Need I explain this image? I didn't think so. |
I look at my brain as if it is a sponge. Right now, it's a Scotch-Brite in the ocean. It's like I can feel the sparks coming out of my forehead. I think that the main reason for this is the debate event tomorrow. If I'll be honest, yeah, I'm a little worried. I think I'll do good, but there's always a little anxiety when you do something "first" after a while.
I got a work computer. I don't trust the Davie kids (where the event is held at) enough not to steal it. I actually moved into my grandmothers' house for a year and had to go to a school over there. I don't think anyone would recognize me. I'm a pretty forgettable person. Heck, I even forget things about myself from time to time.
I swear to god, I thought I was 15 for around a quarter of the year. I am really god-awful tired and can't wait for a day where I could finally sleep in without worrying about a quiz, or an event.

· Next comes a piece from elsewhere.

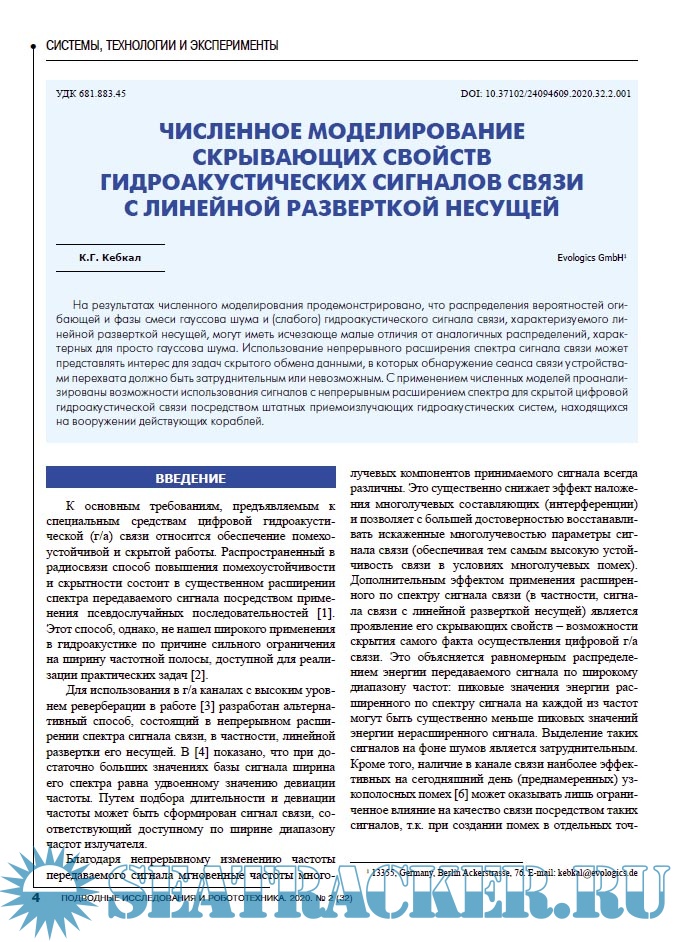 Описание: Научно-технический журнал «Подводные исследования и робототехника» посвящен проблемам исследования и освоения Мирового океана и относится к области знаний, лежащей на стыке наук:- теоретической и прикладной механики, навигации и управления движением, динамики управляемых систем и процессов,- робототехники, мехатроники, автоматизированного конструирования технических устройств, информатики и вычислительной техники,- теоретической и прикладной океанографии, физики океана, гидроакустики, морской геологии, экологии морских акваторий.Цель журнала – систематизировать и объективно отражать все наиболее значимые научно-технические и практические достижения и результаты исследований по освоению подводного пространства и морского дна, способствовать развитию новых идей, средств и методов подводных исследований и робототехники, консолидировать усилия научных и деловых кругов, потенциальных потребителей новейших достижений в сфере подводных технологий.Журнал «Подводные исследования и робототехника» публикует научно-технические статьи, проблемные, обзорные, дискуссионные материалы по всем направлениям, относящимся к методам и техническим средствам исследования и освоения океана, включая подводные аппараты и роботы, акустические, гидрологические, геофизические средства и методы исследования физических полей океана.Авторами публикаций журнала являются авторитетные ученые, ведущие специалисты и молодые исследователи из научных организаций и вузов Москвы и Подмосковья, Санкт-Петербурга, Зарубежья, Дальнего Востока, Урала, Сибири, и других регионов России. Для научного рецензирования и редактирования публикуемых статей привлекаются авторитетные специалисты в соответствующих областях знаний.Читательская аудитория - широкий круг ученых и специалистов, работающих в области исследования морских глубин, деловые круги и потенциальные потребители научно-технических разработок и инновационных проектов, молодые ученые, аспиранты и студенты, специализирующаяся в указанной области.

Going by Murphy's law and my good friend bad luck, that won't happen until June.
I wonder if it'll be all worth it in the end. I mean yeah, I got a lot more knowledge in general, no denying that. But my time management has become, interesting. I have succeeded in getting all my work done, but I have no time for anything but work and sleep. I haven't been overthinking, mainly because I have no time to think. So I guess I in a weird way, I kind of passed the challenge? I don't know at this point, and I'm too tired to figure it out.
Now I'm going to make a speech for tomorrow. Wish me luck. I probably may or may not need it.